Após mais algumas precisões acerca das características do borderline brando, inicia-se o subcapítulo Castração e limite, no qual Armony trará a distinção entre estes dois termos. Inicialmente anuncia que se valerá do termo castração tal como este foi trazido por Freud, e a associa o termo “mais ao campo do neurótico”. Para Armony a castração é uma “palavra evocativa de brutalidade e que em Freud se refere à proibição do incesto com a mãe” (ARMONY, 2013, p. 232), entretanto devemos examiná-la de um “ponto de vista mais amplo” como uma “metáfora do abandono de características femininas como empatia, identificação dual-porosa, etc., para poder tornar o menino um ‘Verdadeiro Homem’”. A colocação de limites, por sua vez, seria caracterizada pelo “carinho e sensibilidade da mãe no trato com a criança”, que “presentificam modos de relacionamento e valores que não à-toa chamamos de femininos, tais como empatia, dual-porosidade, compaixão, percepção sutil, intuição, impulso conciliador, etc.” (ARMONY, 2013, p. 232). Antes de inserir dois trechos de Freud e um de

65 Winnicott que suportariam suas afirmações, Armony sintetiza sua compreensão acerca do tema com o seguinte frase: “A castração como conceito foi introduzido por Freud e refere-se a uma ação dura, cruel, enquanto a colocação de limites é uma atividade realizada com benevolência, amabilidade e sensibilidade” (ARMONY, 2013, p. 232).

Tendo apontado estas diferenças entre os conceitos, a tese defendida logo em seguida é que a “subjetividade neurótica” teve o acesso ao “feminino” impedido pela castração, fato que seria muito comum no século XIX, este não seria mais o caso hoje (ou pelo menos caminharíamos para uma diminuição disto): atualmente os “pais em geral são amorosos com os filhos e as proibições são realizadas, o mais possível, de forma delicada, carinhosa e sensível” (ARMONY, 2013, p. 233). Nesta nova maneira de educar os filhos, o acesso às “características femininas” não seria mais reprimido, o que explicaria as mudanças nos sujeitos.

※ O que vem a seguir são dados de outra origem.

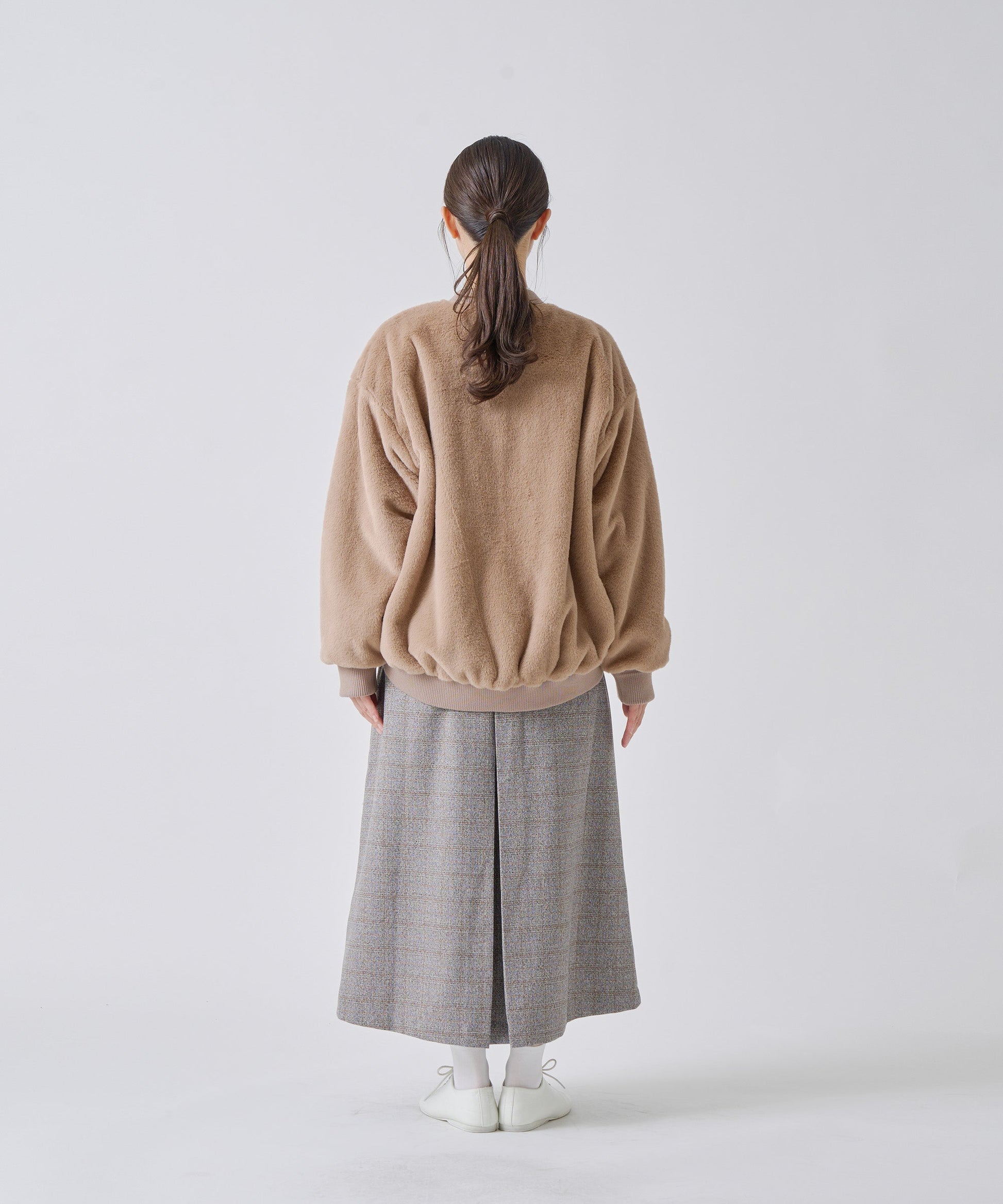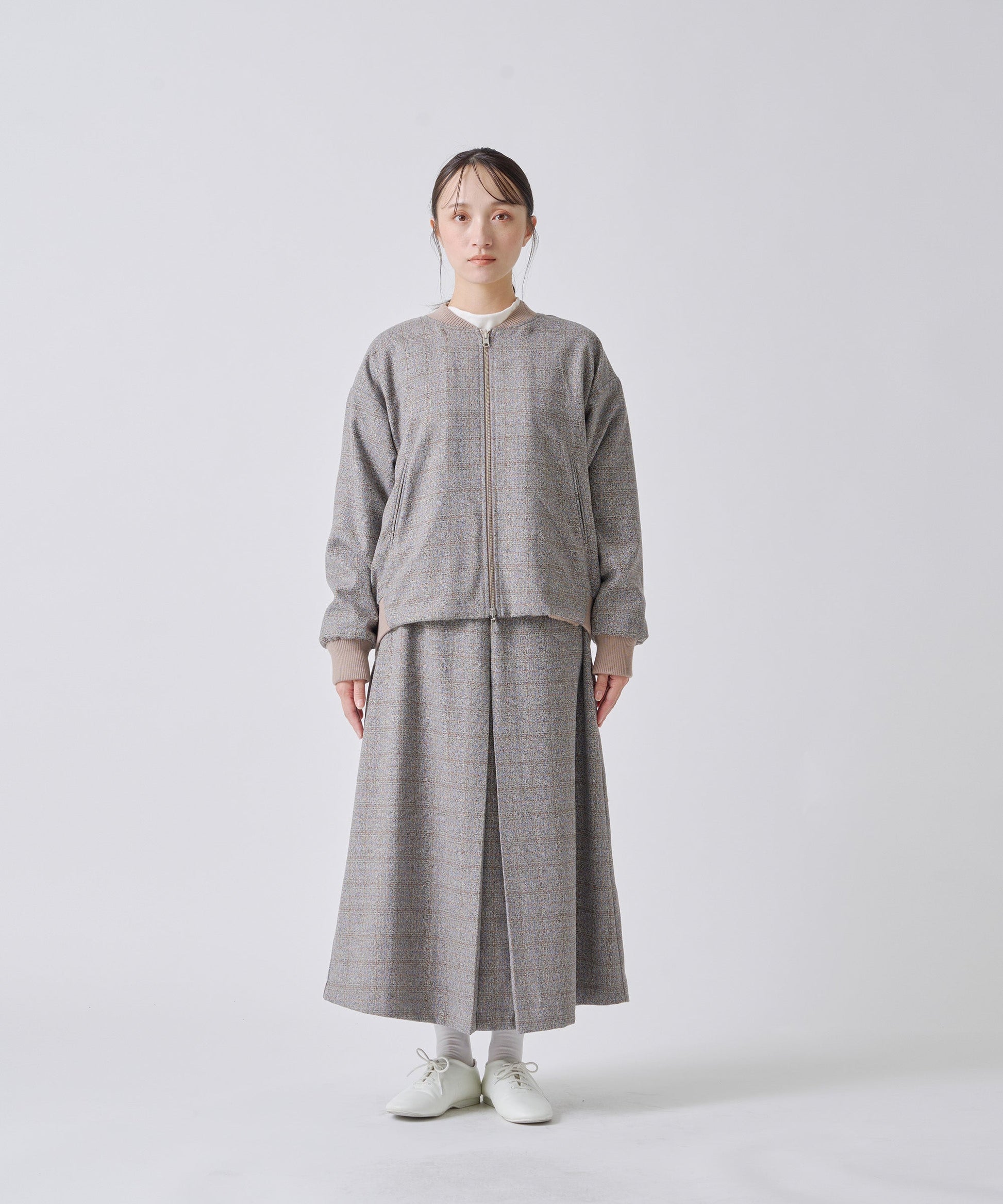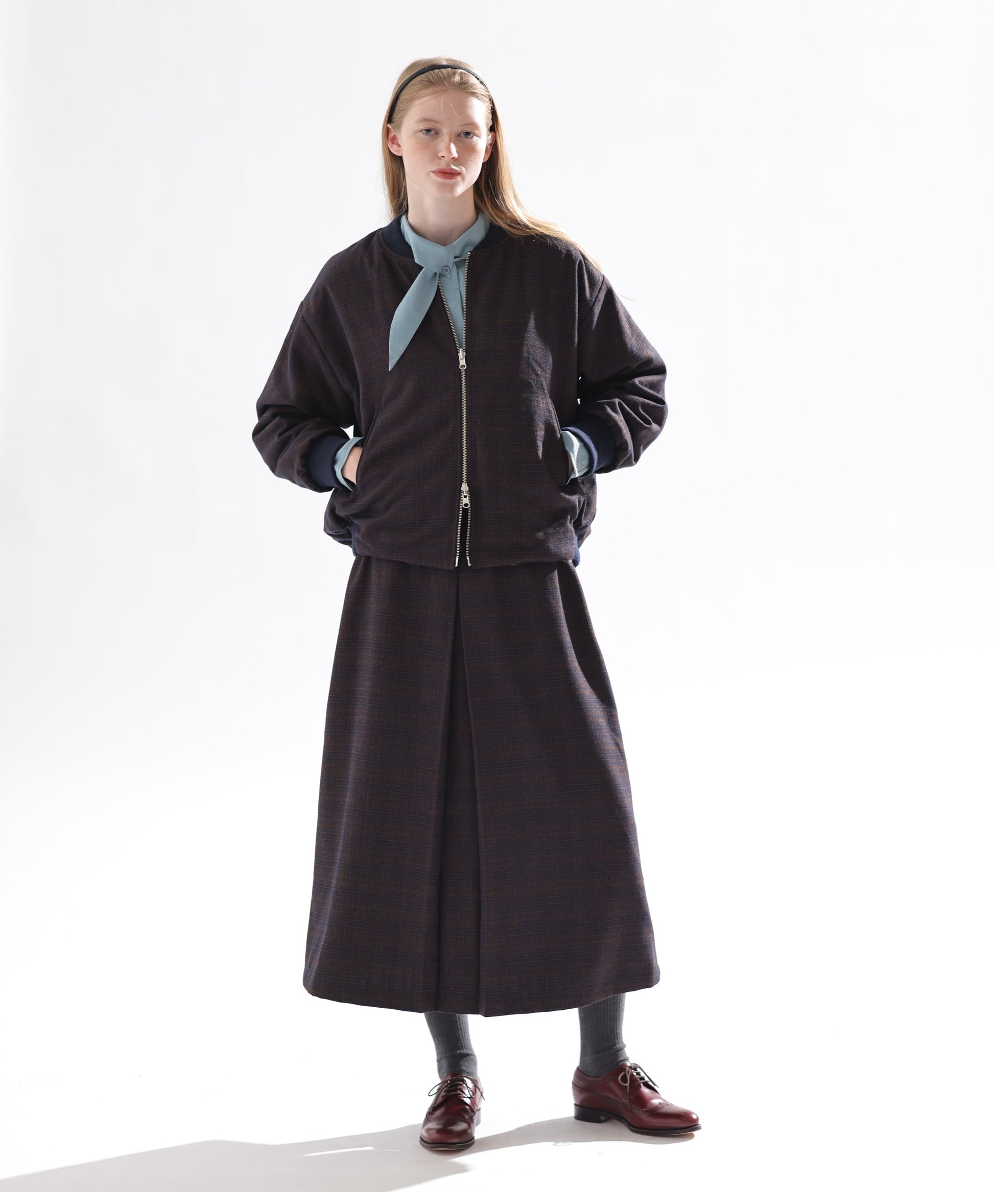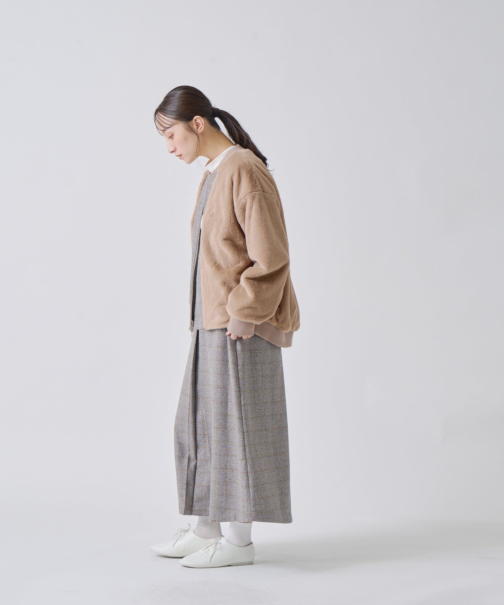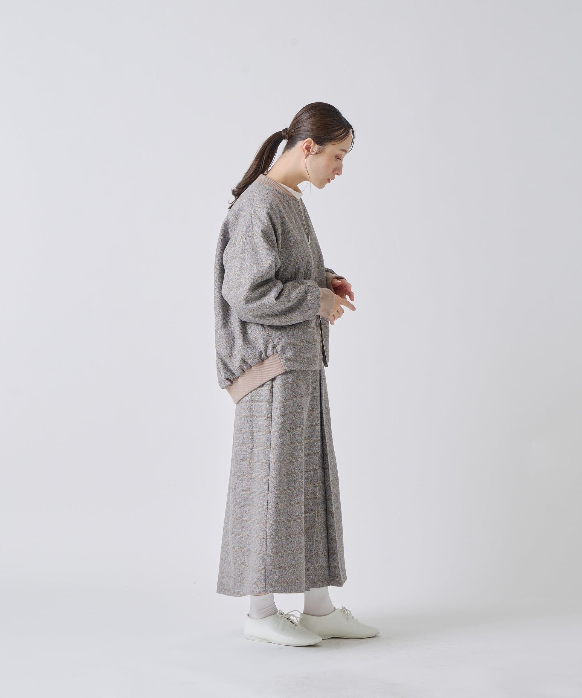 チェック柄面は、バックヨークにタックを入れ、裾はギャザーが寄せることで生地の重なりと、丸みのあるシルエットが完成

Mais adiante no capítulo Armony trará o que compreende ser a “família patriarcal prototípica do período vitoriano”, “composta por uma mãe suficientemente boa e por um pai que impunha, a qualquer custo, com a aquiescência da mãe, as leis da casa; isto incluía a ação de castração na época apropriada” (ARMONY, 2013, p. 236). Sendo este o caso, “o resultado era o provável desenvolvimento de um neurótico normal”, já a “combinação de uma mãe insuficientemente boa com um pai autocrático tenderia a produzir uma dissociação entre psique e mente e, portanto, um borderline falso self” (ARMONY, 2013, p. 236). Caso não ocorra uma “intervenção súbita e brutal de um pai edípico” teríamos dois caminhos: se a mãe for “insuficientemente boa”, “a identificação da criança com o materno será de má qualidade e mais tarde buscará em primeira instancia uma personificação de mãe (ou de pai) para com ela realizar uma relação anaclítica na tentativa de suprir as deficiências de origem”; se no caso de uma mãe “suficientemente boa”, esta “tendo fornecido um solo identificatório materno seguro, permite às valências identificatórias abertas voltarem-se mais para os aconteceres externos, acompanhando o devir dos acontecimentos e afastando-se das relações anaclíticas” (ARMONY, 2013, p. 237).

Este último caso seria o horizonte para o qual estaríamos caminhando, segundo Armony, um mundo de sujeitos que teriam tido “uma mãe suficientemente boa possibilitando-lhe a internalização de valores femininos que persistem na vida adulta, não por se defrontarem com a castração paterna, mas sim com a colocação graduada de limites tanto do pai quando da mãe, ambos realizando uma mesma tarefa que poderíamos chamar de masculina” (ARMONY, 2013, p. 237). Este seria, cada vez mais, o sujeito contemporâneo.